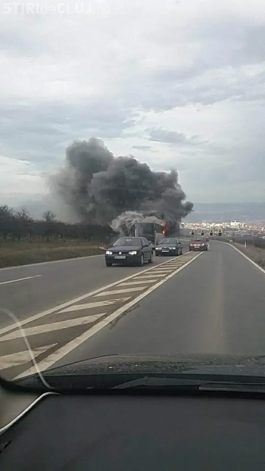 Un autocar a luat foc pe Dealul Feleacului, luni, 12 martie, în jurul orei 14:40.
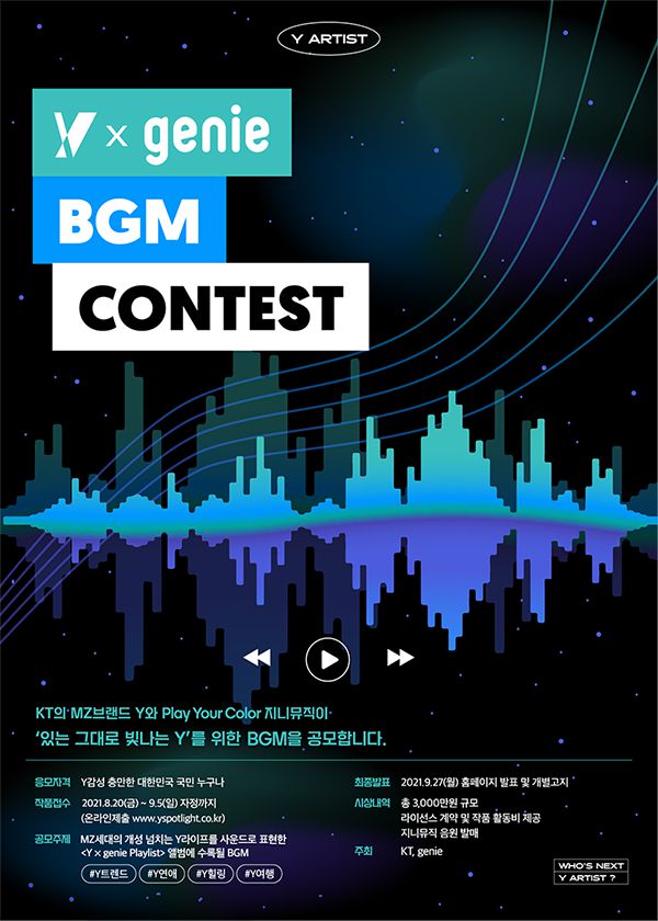 Y 아티스트를 발굴하기 위해 <Y × genie BGM 공모전>을 개최하며,
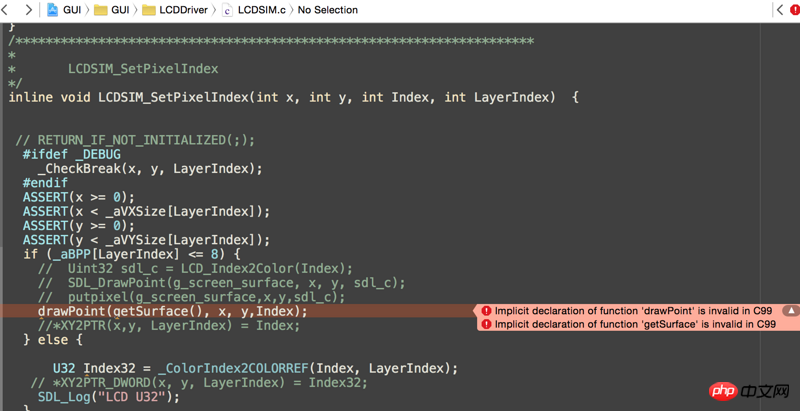 然后报错Implicit declaration of function 'drawPoint' is invalid in C99 搜过网上说的一些说法是改Build Setting 的 C Language Dialect,然并卵,我觉得应该是找不到这些方法才会导致这样,求教要怎么调用.c里面的方法,或者有别的什么解决方法
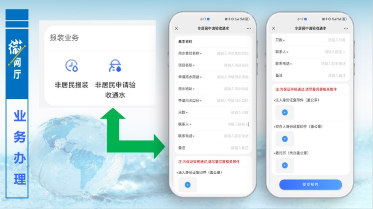 當(dāng)用水施工完成,達(dá)到通水條件,用戶同樣可在“微網(wǎng)廳”中,辦理驗(yàn)收通水申請,填寫相關(guān)信息,上傳附件,提交預(yù)約,后臺工作人員會主動(dòng)聯(lián)系用戶,進(jìn)行驗(yàn)收通水。
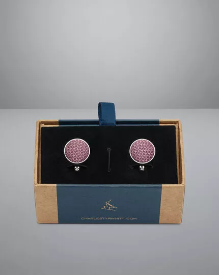 If you’ve chosen a French cuff for a formal occasion, these pink cufflinks will bring a subtle splash of colour to your outfit. The textured silk is perfectly framed by polished metal plating, with a simple circular shape that complements a range of styles. A secure swivel back holds the cufflinks neatly in place, while the plating prevents them from tarnishing with time. We’ve presented this set in a smart cufflink box.
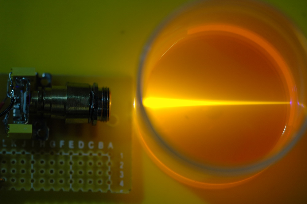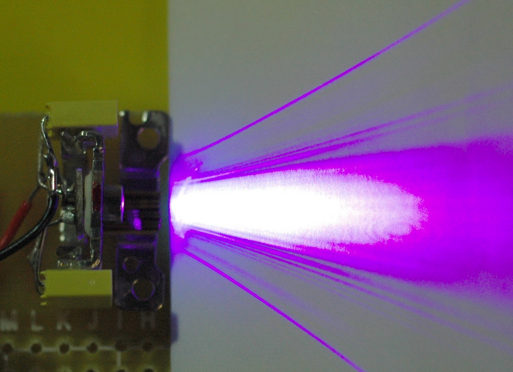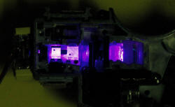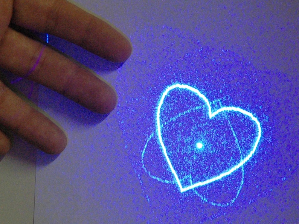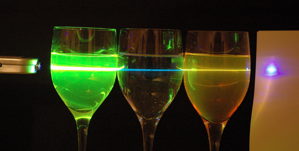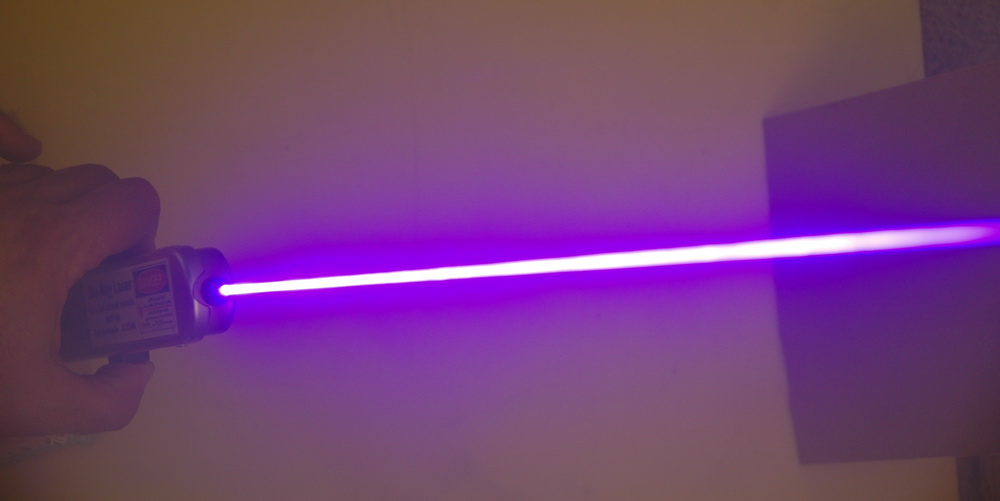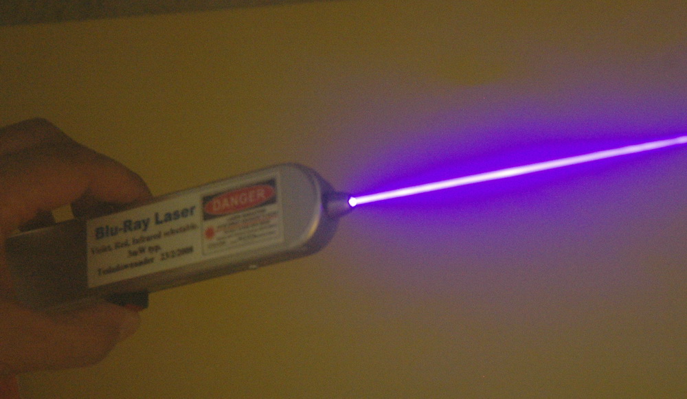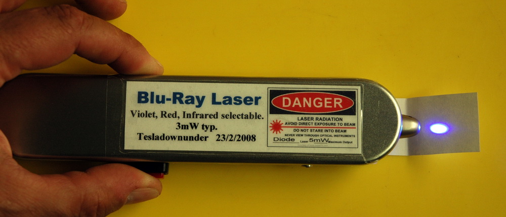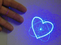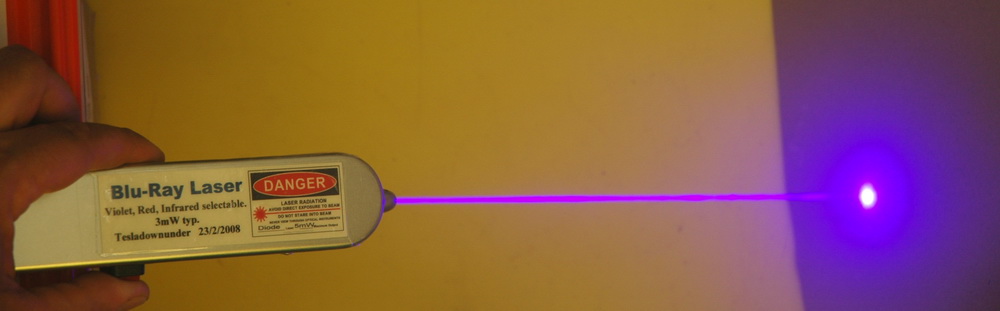 cardboard. The left photo shows the optics side with cover removed. The laser diode is the small assembly at the extreme left with the red mark on it. The center photo shows the other side with the objective lens and voice coil positioning. It is 7.5 cm (3 inches) across. The right photo shows the 5 pins of the laser diode for the 3 lasers and photodiode. The left photo shows red laser turned on. Note the yellow 0.1uF caps epoxied to the heat sink which I added to provide the electrostatic discharge (ESD) protection and a stable base for the wires to the driver. I eventually added three of these, one for each diode. The center photo shows red beam exiting the objective lens on the other side. It is a complicated beam having passed through various diffraction gratings and lenses like Fresnel lenses. The right photo shows the beam projected through translucent plastic a few inches away. The left photo shows the violet laser lighting up the optics. The center photo shows the diode projecting onto a piece of paper which is fluorescing. It is a very broad beam direct from the photodiode and not at all laser like. Safe to look at in this state only but not in the focused setup. The right photo shows the violet objective beam with the various lines and circles as with the red laser. The left photo shows the constant current supply set at around 30mA and the violet laser collimated into a spot. Here it shines onto paper and fluoresces a bright blue. The center photo shows it shining onto the tip of a fluorescent marker pen. The right photo shows the beam through Rhodamine with intense orange fluorescence. The photo above shows fluorescein, tonic water and rhodamine in glasses from left to right. The left photo shows the laser made up in a metal case. Ironically it used to contain a pen/red laser pointer. It shows the switch for selecting red/IR/violet. I wasn't really thinking because I should have had some low value resistors in the lines or some extra current shunting as I have damaged the red and possibly the IR diodes from over voltage or current. The right photo shows the laminated label. It is a nicely weighted comfortable unit. The left photo and center photos show saber like beam highlighted by fog. Pointing up to the camera the brightness is higher. The right photo shows the dog that was very interested in the dot (at first). The left photo shows a heart shaped hologram (from a cheap laser pointer) showing the bright blue fluorescence from paper. Center photo shows the heart hologram modeled by Mandy. Works great on white tee shirts and the hologram is low powered enough to be safe in public. The right photo shows the same pattern through a uranium marble with bright green fluorescence. The left photo shows the highlighted by fog. The right photo shows the beam against my fluoro cycling shirt with brilliant yellow green fluorescence.
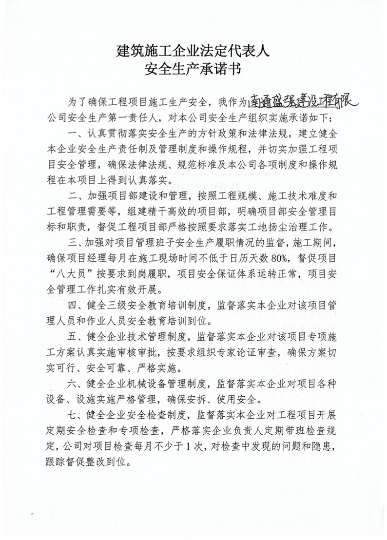 南通盛強安全承諾書
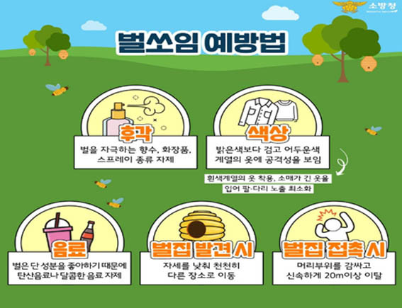 ¹ú ½îÀÓ »ç°í¸¦ ¿¹¹æÇϱâ À§Çؼ´Â ¡ãÈò»ö °è¿ÀÇ ±ä ¼Ò¸Å ¿Ê Âø¿ë ¡ã¹úÀ» ÀÚ±ØÇÏ´Â Çâ¼ö³ª ÈÀåǰ µîÀÇ »ç¿ë ÀÚÁ¦ ¡ã¹úÀÌ °ø°Ý ½Ã ¸Ó¸® ºÎÀ§¸¦ °¨½Î°í ½Å¼ÓÇÏ°Ô 20m ÀÌ»ó ÀÌÅ»ÇÏ´Â µî ¾ÈÀü¼öÄ¢À» ÁؼöÇØ¾ß ÇÑ´Ù.
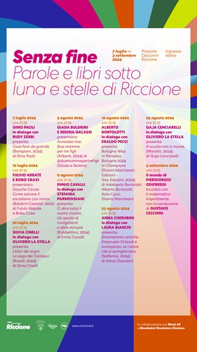 “Senza fine. Parole e libri sotto luna e stelle di Riccione” è un progetto culturale a cura del Comune di Riccione in collaborazione con Block 60 e Mondadori Bookstore Riccione. La rassegna propone un lungo calendario di incontri con gli autori, presentazioni di libri e dialoghi culturali che abbracciano un’estate intera per terminare il 3 settembre. Ingresso libero.
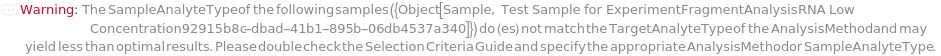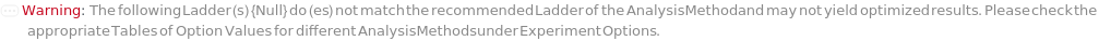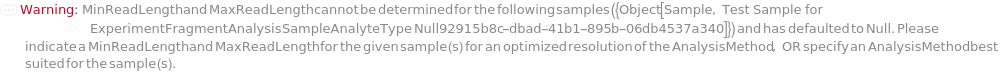 Default Calculation: Automatically set to appropriate Object[Method,FragmentAnalysis] based on AnalysisStrategy, CapillaryArrayLength and sample information: type of analyte (equal to TargetAnalyteType field in the AnalysisMethod), analyte concentration (greater than MinTargetConcentration field and less than MaxTargetConcentration field of AnalysisMethod) and fragment size range (MinReadLength greater than or equal to MinTargetReadLength field and MaxReadLength less than or equal to MaxTargetReadLength field of the AnalysisMethod), if available. For a selection criteria guide on determining the appropriate AnalysisMethod, refer to Figure 3.1 under AnalysisMethod of Experiment Options.
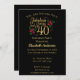 Convite aniversário de 40 anos preto e Dourado com Rosas
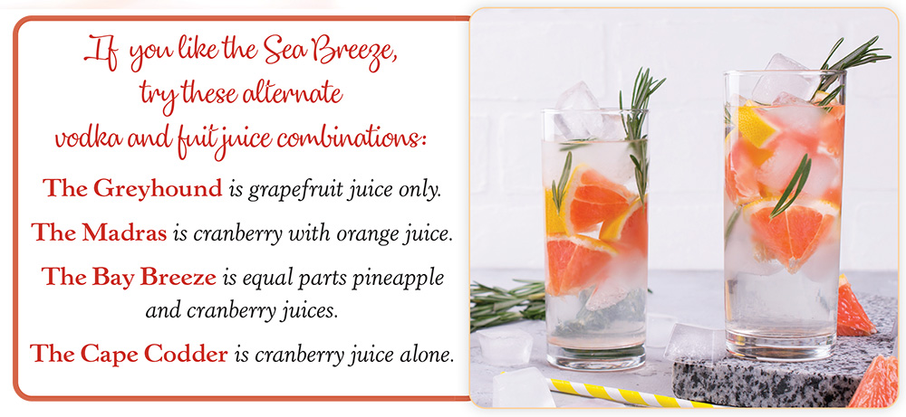 Since the 1920s people have celebrated “Breeze Season,” also known as the long hot days and balmy nights of summer. The need for cool refreshment in the heat of summer brought about the invention of the “Sea Breeze”.
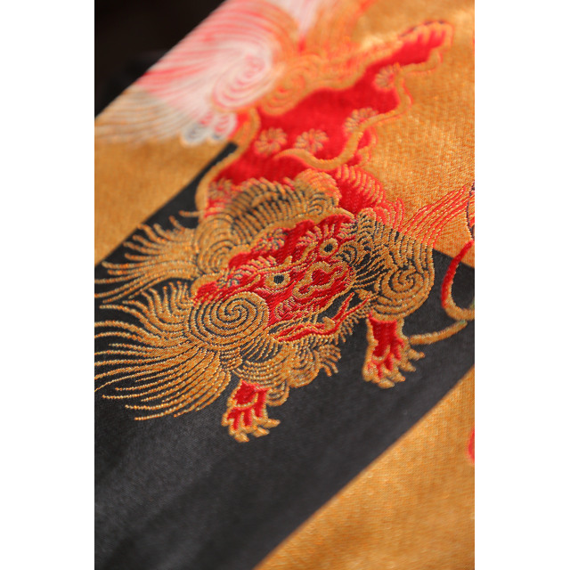 Puna-musta nagoya obi leikkivillä koiraleijonilla #626
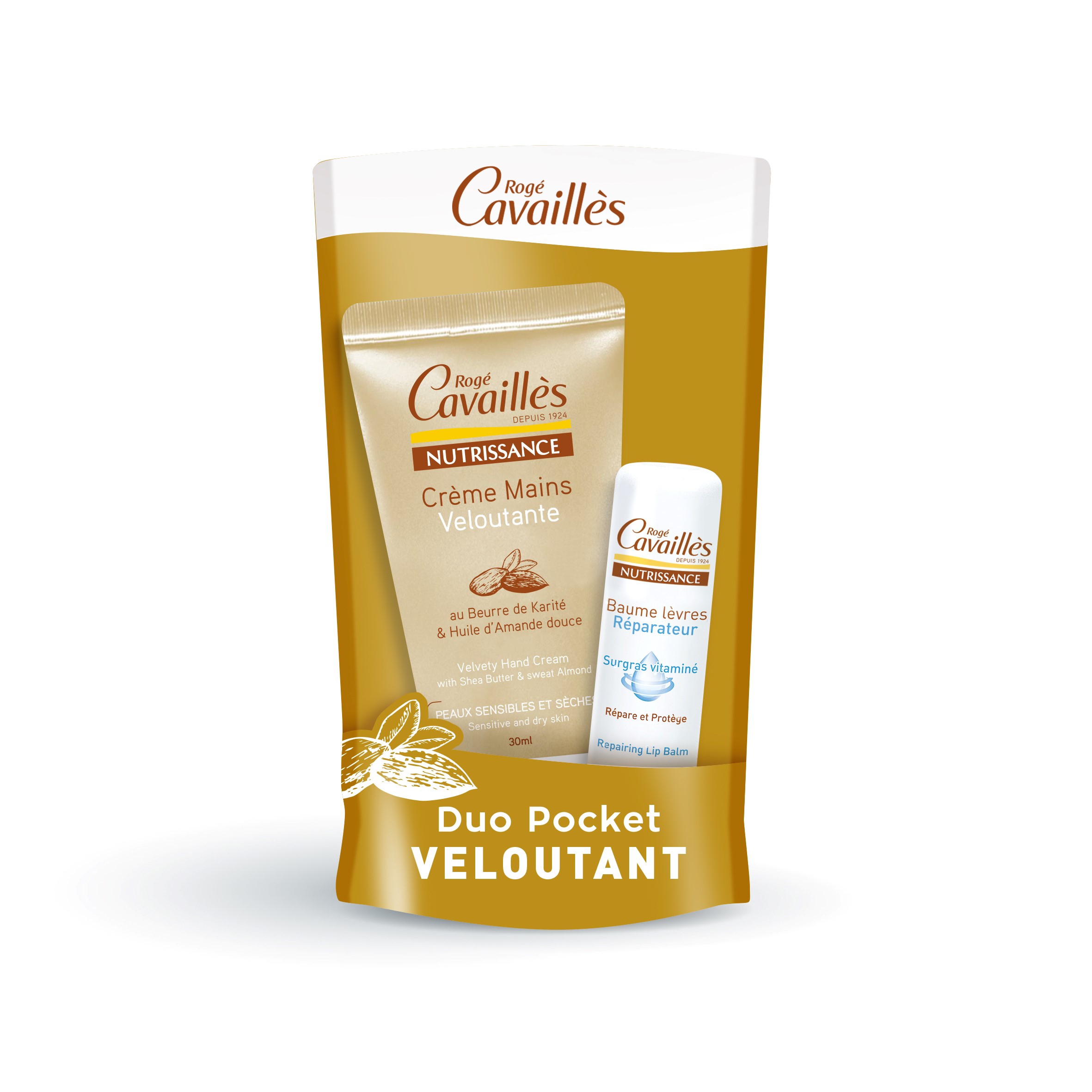 Rogé Cavaillès Duo Pocket Veloutant Crème Mains Veloutante 30 ml + Baume Lèvres 5,5 ml est composé de deux soins réparateurs, pour retrouver le plaisir d'une peau douce. - Rogé Cavaillès Nutrissance Baume Lèvres Réparateur 5,5 ml surgras et vitaminé répare et protège les lèvres très abîmées, gercées ou craquelées. Facile à transporter, il soigne vos lèvres en toutes circonstances. 97% des ingrédients sont d'origine naturelle. - Rogé Cavaillès Nutrissance Crème Mains Veloutante 30 ml enrichie en surgras vitaminé, beurre de karité et huile d'amande douce hydrate et répare les mains sèches et abîmées. Les mains sont souples et douces. 97% des ingrédients sont d'origine naturelle.
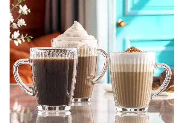 Sklenený hrnček s vrúbkovaním je ideálny pre kávu alebo čaj. Objem 400 ml.

----

The answer must consist solely of the lines from the first line of the data through the line containing "If you’ve chosen", inclusive, reproduced exactly and without pictures.

_REPLY_:
 Un autocar a luat foc pe Dealul Feleacului, luni, 12 martie, în jurul orei 14:40.
 Y 아티스트를 발굴하기 위해 <Y × genie BGM 공모전>을 개최하며,
 然后报错Implicit declaration of function 'drawPoint' is invalid in C99 搜过网上说的一些说法是改Build Setting 的 C Language Dialect,然并卵,我觉得应该是找不到这些方法才会导致这样,求教要怎么调用.c里面的方法,或者有别的什么解决方法
 當(dāng)用水施工完成,達(dá)到通水條件,用戶同樣可在“微網(wǎng)廳”中,辦理驗(yàn)收通水申請,填寫相關(guān)信息,上傳附件,提交預(yù)約,后臺工作人員會主動(dòng)聯(lián)系用戶,進(jìn)行驗(yàn)收通水。
 If you’ve chosen a French cuff for a formal occasion, these pink cufflinks will bring a subtle splash of colour to your outfit. The textured silk is perfectly framed by polished metal plating, with a simple circular shape that complements a range of styles. A secure swivel back holds the cufflinks neatly in place, while the plating prevents them from tarnishing with time. We’ve presented this set in a smart cufflink box.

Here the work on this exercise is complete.